#### [WHAT YOU NEED TO DO]
Using the data below, transcribe exactly everything from the line that contains "Excellent pre-owned condition, elegant" down to the line that contains "Woman in Grey Kimono with Strawberry Hat". Include both of those lines and none of the pictures.

*** MATERIAL TO PROCESS ***

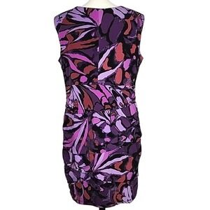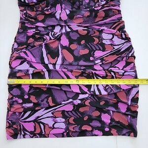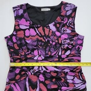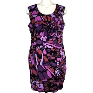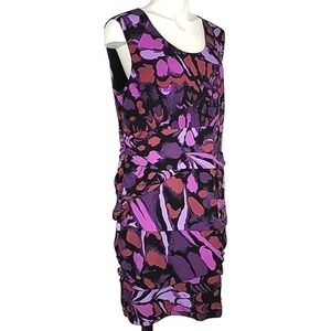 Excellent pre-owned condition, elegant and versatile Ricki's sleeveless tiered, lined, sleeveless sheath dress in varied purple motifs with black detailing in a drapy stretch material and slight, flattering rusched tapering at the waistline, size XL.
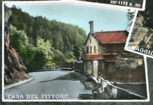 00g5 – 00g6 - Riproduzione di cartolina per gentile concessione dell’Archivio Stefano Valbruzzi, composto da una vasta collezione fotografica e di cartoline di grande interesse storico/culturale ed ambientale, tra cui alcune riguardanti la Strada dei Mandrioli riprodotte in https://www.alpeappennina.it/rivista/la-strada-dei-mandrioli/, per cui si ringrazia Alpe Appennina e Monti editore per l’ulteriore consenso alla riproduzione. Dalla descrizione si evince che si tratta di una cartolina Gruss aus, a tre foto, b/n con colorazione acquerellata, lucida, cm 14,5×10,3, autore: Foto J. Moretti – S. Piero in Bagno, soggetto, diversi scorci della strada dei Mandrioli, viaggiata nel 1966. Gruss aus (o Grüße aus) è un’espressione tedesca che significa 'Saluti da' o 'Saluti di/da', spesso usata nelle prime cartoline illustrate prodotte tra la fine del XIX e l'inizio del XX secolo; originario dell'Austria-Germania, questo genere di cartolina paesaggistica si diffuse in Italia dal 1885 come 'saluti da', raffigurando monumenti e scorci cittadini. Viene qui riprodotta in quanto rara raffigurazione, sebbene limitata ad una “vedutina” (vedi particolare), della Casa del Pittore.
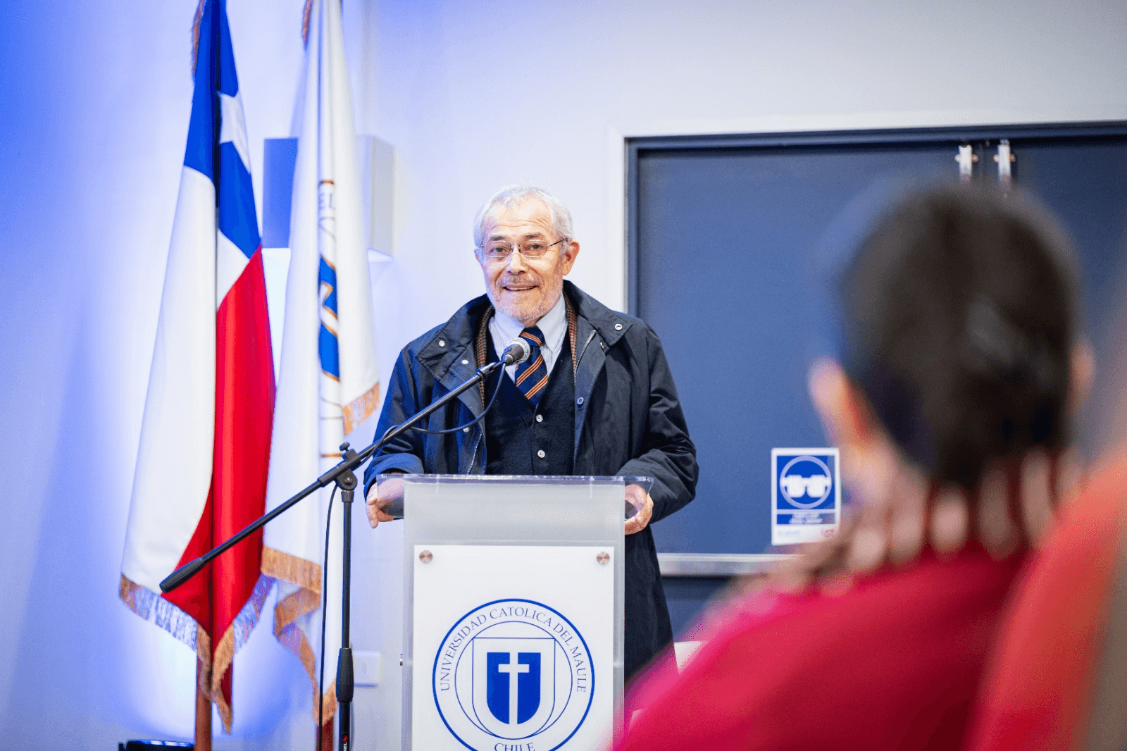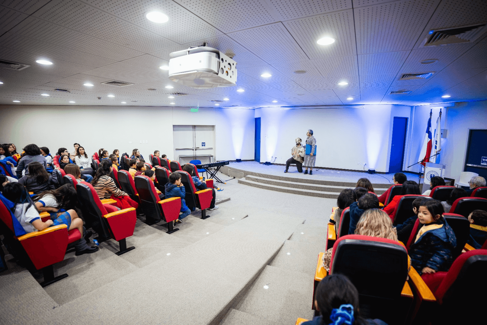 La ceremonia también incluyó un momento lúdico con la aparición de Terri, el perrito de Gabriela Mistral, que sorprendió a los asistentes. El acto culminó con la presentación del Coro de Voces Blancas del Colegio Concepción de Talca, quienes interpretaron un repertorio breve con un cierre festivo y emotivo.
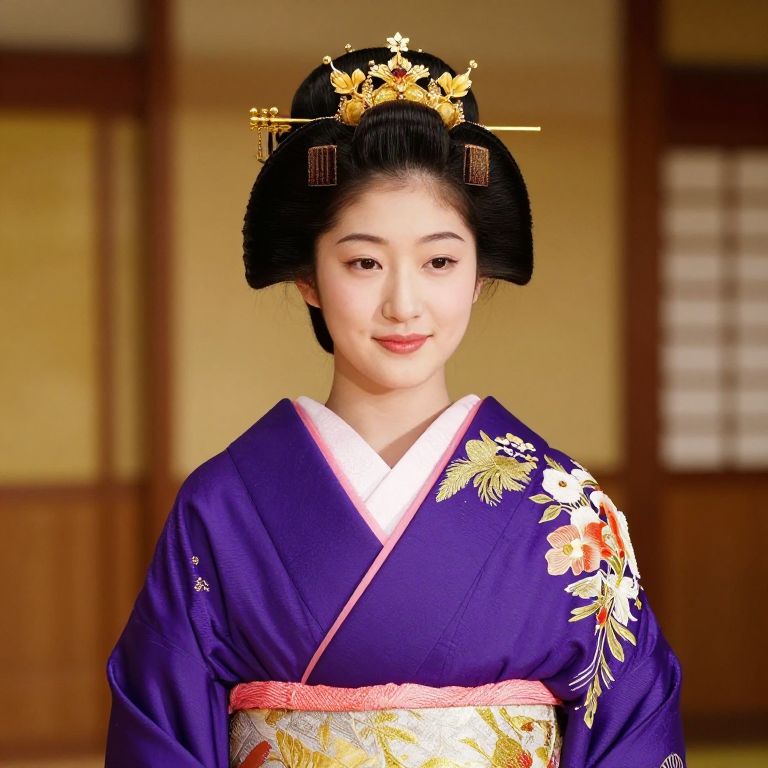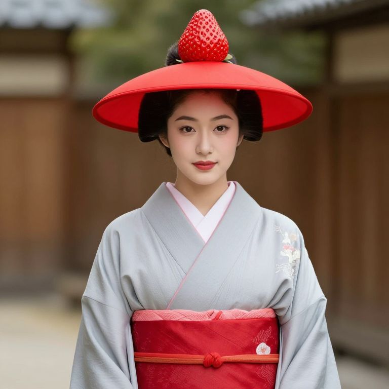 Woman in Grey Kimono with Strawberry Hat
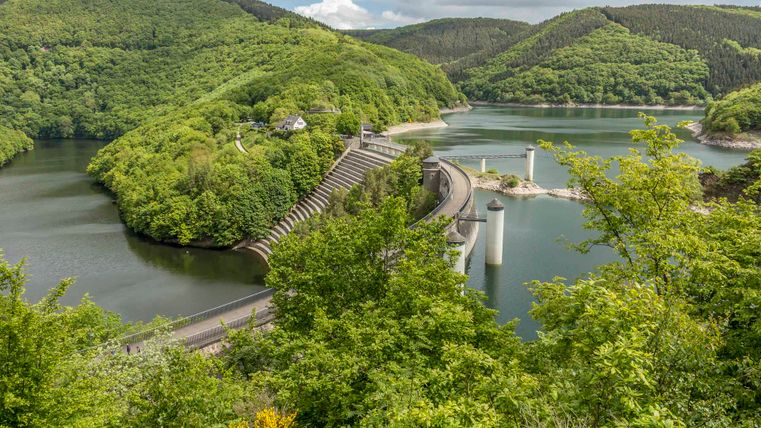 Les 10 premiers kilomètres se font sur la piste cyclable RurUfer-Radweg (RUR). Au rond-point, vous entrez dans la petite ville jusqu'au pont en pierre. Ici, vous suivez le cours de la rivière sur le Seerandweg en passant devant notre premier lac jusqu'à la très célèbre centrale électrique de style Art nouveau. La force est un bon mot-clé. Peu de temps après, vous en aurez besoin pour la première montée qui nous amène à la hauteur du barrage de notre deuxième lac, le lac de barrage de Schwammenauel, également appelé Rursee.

*** End of MATERIAL TO PROCESS ***
*** MATERIAL TO PROCESS ***

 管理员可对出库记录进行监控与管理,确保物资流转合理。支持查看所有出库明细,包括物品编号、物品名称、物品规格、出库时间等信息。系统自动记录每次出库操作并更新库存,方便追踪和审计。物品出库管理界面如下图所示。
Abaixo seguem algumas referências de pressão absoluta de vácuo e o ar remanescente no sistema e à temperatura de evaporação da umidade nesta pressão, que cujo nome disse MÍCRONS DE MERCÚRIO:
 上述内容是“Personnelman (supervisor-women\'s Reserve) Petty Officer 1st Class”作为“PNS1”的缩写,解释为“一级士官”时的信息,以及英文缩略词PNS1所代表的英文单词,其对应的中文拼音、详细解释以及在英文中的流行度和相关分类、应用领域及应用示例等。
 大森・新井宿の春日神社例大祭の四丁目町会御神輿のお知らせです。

*** End of MATERIAL TO PROCESS ***

#### [ANSWER BOX]
 Excellent pre-owned condition, elegant and versatile Ricki's sleeveless tiered, lined, sleeveless sheath dress in varied purple motifs with black detailing in a drapy stretch material and slight, flattering rusched tapering at the waistline, size XL.
 00g5 – 00g6 - Riproduzione di cartolina per gentile concessione dell’Archivio Stefano Valbruzzi, composto da una vasta collezione fotografica e di cartoline di grande interesse storico/culturale ed ambientale, tra cui alcune riguardanti la Strada dei Mandrioli riprodotte in https://www.alpeappennina.it/rivista/la-strada-dei-mandrioli/, per cui si ringrazia Alpe Appennina e Monti editore per l’ulteriore consenso alla riproduzione. Dalla descrizione si evince che si tratta di una cartolina Gruss aus, a tre foto, b/n con colorazione acquerellata, lucida, cm 14,5×10,3, autore: Foto J. Moretti – S. Piero in Bagno, soggetto, diversi scorci della strada dei Mandrioli, viaggiata nel 1966. Gruss aus (o Grüße aus) è un’espressione tedesca che significa 'Saluti da' o 'Saluti di/da', spesso usata nelle prime cartoline illustrate prodotte tra la fine del XIX e l'inizio del XX secolo; originario dell'Austria-Germania, questo genere di cartolina paesaggistica si diffuse in Italia dal 1885 come 'saluti da', raffigurando monumenti e scorci cittadini. Viene qui riprodotta in quanto rara raffigurazione, sebbene limitata ad una “vedutina” (vedi particolare), della Casa del Pittore.
 La ceremonia también incluyó un momento lúdico con la aparición de Terri, el perrito de Gabriela Mistral, que sorprendió a los asistentes. El acto culminó con la presentación del Coro de Voces Blancas del Colegio Concepción de Talca, quienes interpretaron un repertorio breve con un cierre festivo y emotivo.
 Woman in Grey Kimono with Strawberry Hat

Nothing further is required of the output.